Такой человек, с цветком в груди, никогда не посмотрит на кого-либо другого. Всех других он будет ненавидеть и уничтожать. Цветок постепенно менял память и личность носителя. Все хорошее забывалось и делалось неважным, а все плохое раздувалось до огромных масштабов и требовало возмездия.

…Примерно так чувствовал себя сам Бинань с тех пор, как его обглоданная мать, еще живая, кричала ему «Беги!..» А его отец, вытирая рот красными пальцами, смотрел на сына выцветшими, пустыми и очень голодными глазами.

Ничего хорошего в таком мире быть не может. И даже красивый, строгий, совестливый Чу Ваньнин способен предать его надежды. Поэтому его следовало сделать своим Черным Цветком, главным героем Плана. Послушный хозяину, он испепелит мир Заклинателей, а Бинань своим телом бесконечно увеличит его силы.

Он будет каждый день отдаваться ему, ласкать мягким ртом его нефритовые руки, обволакивать его плоть как шелковая ткань, жадно и сильно сжимать ее глубоко внутри себя, глядя в эти продолговатые, чайные глаза, затуманенные страстью. Он примет его так, как никто бы не смог, распутно и целомудренно, с зардевшимся лицом, с бессильно дрожащими ногами в хватке тонких, жестоких пальцев, с вязким влажным хлюпаньем и стонами сдавшейся скромности, залитый золотыми слезами.

Мои слезы так подходят вашему божественному оружию, Учитель.

Он знал, что будет встречать своего Господина в прозрачных одеждах, с высоко заколотыми волосами и глазами, подведенными золотом. Он будет его любимой наложницей и его кукловодом. Чу Ваньнин будет трахать его и убивать во имя него.

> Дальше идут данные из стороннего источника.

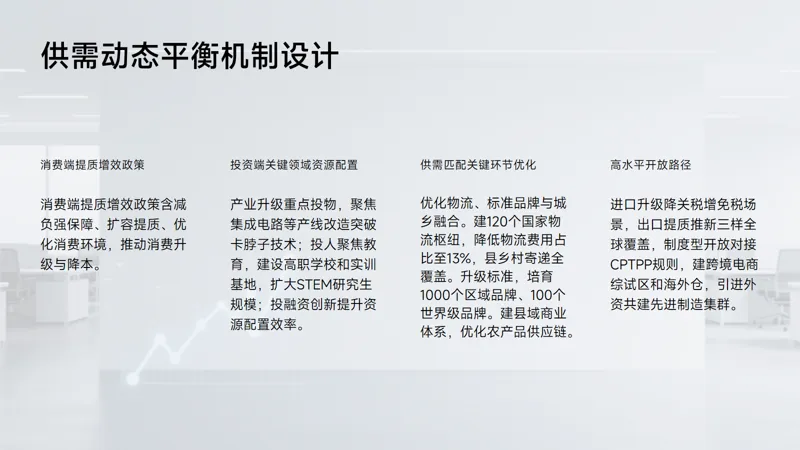 基于以上数据,企业需深入理解用户需求,通过市场调研和反馈机制收集数据,为供需平衡提供支持。灵活调整策略需结合消费端扩容提质措施,如新能源汽车下乡和绿色智能家电以旧换新,以优化产品性能和价格。建立协作伙伴关系可借鉴投资端产教融合实训基地2000个和物流枢纽120个的建设经验,通过共享资源和创新实现共赢。最终,供需动态平衡机制需整合政策量化目标,如县域商业体系1000个示范县和物流费用占比降至13%,确保策略与行业趋势一致。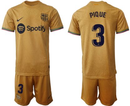 Replika Moški nogometni dresi kompleti Barcelona Gostujoči 2023 Kratek Rokav + Kratke hlače PIQUE 3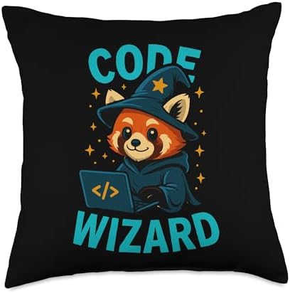 Funny Code Wizard Red Panda Programmer Design Throw Pillow

Он посадит Бессмертного Юйхэна на высокий трон, оденет его в пурпур и оседлает его член. Он будет течь на его имперские одежды и заглушать плач возбуждения длинными, черными, как ночь, волосами Чу Ваньнина, пока его Господин, еле сдерживаясь, станет отдавать беспощадные приказы о казнях и расправах.

Он лишит его разума, принудит перейти все границы, заставит его взять себя на полу Храма Предков, прямо перед их высокомерными погребальными табличками, среди праха, святости и почтения.

Он выжмет его досуха. Он заставит свою Нефритовую Меру рычать и дрожать от напряжения, заставит его часами не кончать, пока их сплетенные тела не вынудят сам воздух покраснеть. Шея Бинаня будет покрыта сизыми пятнами, а грудь — кровавыми укусами, потому что плоть Костяной Бабочки бесподобна, кто сможет выстоять?

…Сучья псина все испортила.
________________________________________________________

Примечания:

*Хуа Бинань — 华碧楠 (Huá Bìnán) — "Цветущий изумрудный Камфорный Лавр"

*Бессмертный [из] Бэйдоу (т.е. созвездия Большая Медведица). Бэйдоу (北斗; běidǒu) — Бэй (северный) + Доу (ковш) — в китайской мифологии дух или группа духов Большой Медведицы, а также название самого созвездия. Как и в Индии, семь духов (владык) Ковша имеют антропоморфный вид, а Бэйдоу в целом владычествует над судьбой и смертью людей. Один из духов этой группы — владыка Лянь Чжэнь, другое имя которого — Юйхэн (в западной традиции — Алиот).

Лянь Чжэнь — 廉貞 (Liánzhēn; Ляньчжень) — переводится как «Честность и целомудрие».

*Юйхэн Ночного неба — 晚夜玉衡 (Wǎnyè Yùhéng; Ванье Юйхэн): дословно Wǎnyè Yùhéng — «Юйхэн в поздней ночи». А точный перевод — «Ночной Нефритовый балансир». (Нефритовые/яшмовые/драгоценные весы; Нефритовая мера; Драгоценная поперечина весов).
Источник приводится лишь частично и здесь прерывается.